新規のWntシグナル伝達分子による形態形成の制御機構の解析

新型Wnt信号分子形态发生控制机制分析

基本信息

批准号：
14034239
负责人：
岸田昭世
金额：
$ 4.22万
依托单位：
Hiroshima University
依托单位国家：
日本
项目类别：
Grant-in-Aid for Scientific Research on Priority Areas
财政年份：
2002
资助国家：
日本
起止时间：
2002 至 2003
项目状态：
已结题

来源：
https://kaken.nii.ac.jp/en/grant/KAKENHI-PROJECT-14034239/
关键词：
Wnt-3a Dvl Rhoキナーゼ PCP 神経突起退縮形態形成 Axam Wnt Duplin SUMO 体軸形成

项目摘要

Wntシグナルは初期発生時の体軸形成や細胞の増殖や分化などを制御する。Wntシグナルは細胞内でβ-カテニン経路とPCP(平面内細胞極性)経路、Ca^<2+>経路の3つに分岐する。DvlはWntシグナルをβ-カテニン経路とPCP経路に分岐点に当たる分子で、GSK-3βによるβ-カテニンのリン酸化と分解を抑制する一方、ショウジョウバエでの解析から、PCP経路によってJunキナーゼやRhoキナーゼを介して形態形成を制御することが見出されつつあるが、神経系細胞におけるPCP経路の作用は明らかでなかった。

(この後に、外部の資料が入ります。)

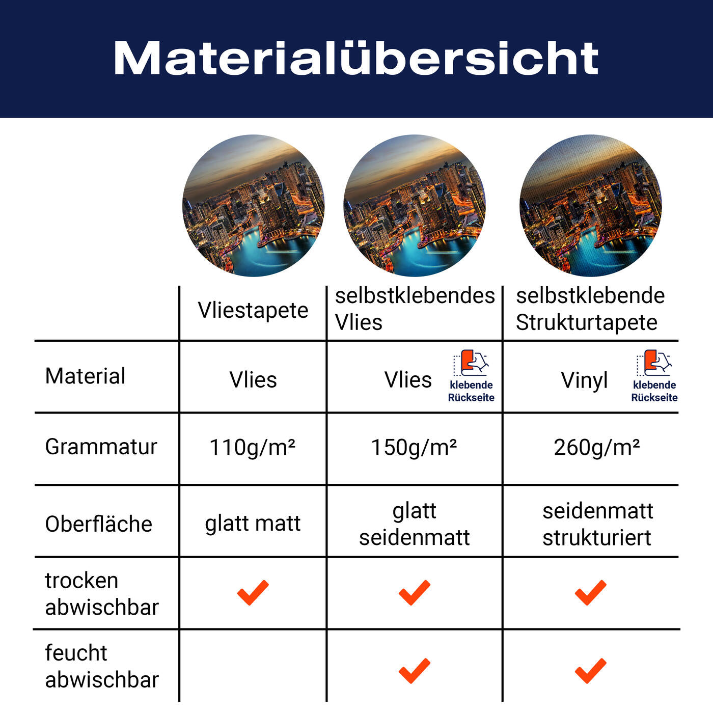 Die Fototapeten sind pflegeleicht und können mit einem feuchten Tuch gereinigt werden, ohne die Farbbrillanz zu beeinträchtigen.

そこで今年度は、哺乳動物細胞におけるWntやDvl、Rhoキナーゼの作用を検討した。COS細胞において、Junキナーゼ活性化に必須のDEP領域を含まないDvl変異体がRhoキナーゼを活性化する事から、DvlはJunキナーゼとRhoキナーゼを異なった領域を介して活性化する可能性が示された.Wnt-1やWnt-3a、DvlによるRhoキナーゼの活性化はRhoキナーゼのRho結合ドメインを共発現することにより抑制されたことから、この活性化にはRhoが関与することが明らかとなった。Wnt-1やDvlを発現すると褐色細胞腫由来のPC12細胞でのNGF依存性の神経突起伸張や神経芽細胞腫由来N1E-115細胞での血清除去刺激による神経突起伸張が抑制されだが、この現象はRhoキナーゼ阻害剤により解除された。さらに、RhotekinのRho結合領域を用いたpull-down assayにより、Dvlを発現させたPC12細胞ではRhoが活性化することを見出した。高度に精製したWnt-3aでPC12細胞を処理することによりRhoキナーゼの活性化が認められた。したがって、Wnt-3aやDvlのシグナルは哺乳動物の神経系細胞において、Rhoキナーゼを介して神経突起の伸張や退縮に関わる可能性が示唆された。

Wnt信号控制着在初始发育，细胞增殖和分化过程中体轴的形成。 Wnt信号分支分为细胞中的三个部分：β-catenin途径，PCP（平面细胞极性）途径和Ca^<2+>途径。 Dvl is a molecule that branches out the Wnt signal to the β-catenin pathway and the PCP pathway, and suppresses the phosphorylation and degradation of β-catenin by GSK-3β, while analysis in Drosophila is beginning to show that the PCP pathway regulates morphogenesis via Jun and Rho kinases, but the effect of the PCP pathway in nervous system cells has not been clear.因此，今年我们研究了Wnt，DVL和Rho激酶对哺乳动物细胞的影响。在COS细胞中，不包含Jun激酶活化必不可少的DEP区域的DVL突变体激活Rho激酶，表明DVL可以通过不同区域激活Jun激酶和Rho激酶。 Wnt-1，Wnt-3a和DVL激活Rho激酶，通过共表达Rho激酶的Rho结合结构域来抑制Rho激酶，这表明Rho参与了这种激活。 Wnt-1和DVL的表达抑制了嗜铬细胞瘤衍生的PC12细胞中NGF依赖性神经突生长，而神经母细胞瘤衍生的N1E-1115细胞中血清消耗引起的神经突生物的表达，但是Rho Kinase抑制剂可以缓解这种现象。此外，我们发现使用Rhoekin的Rho结合区域下拉测定法在表达DVL的PC12细胞中激活了Rho。通过用高纯化的Wnt-3a处理PC12细胞观察到Rho激酶的激活。因此，已经提出WNT-3A和DVL信号可能参与哺乳动物神经系统细胞中Rho激酶的神经突扩展和回归。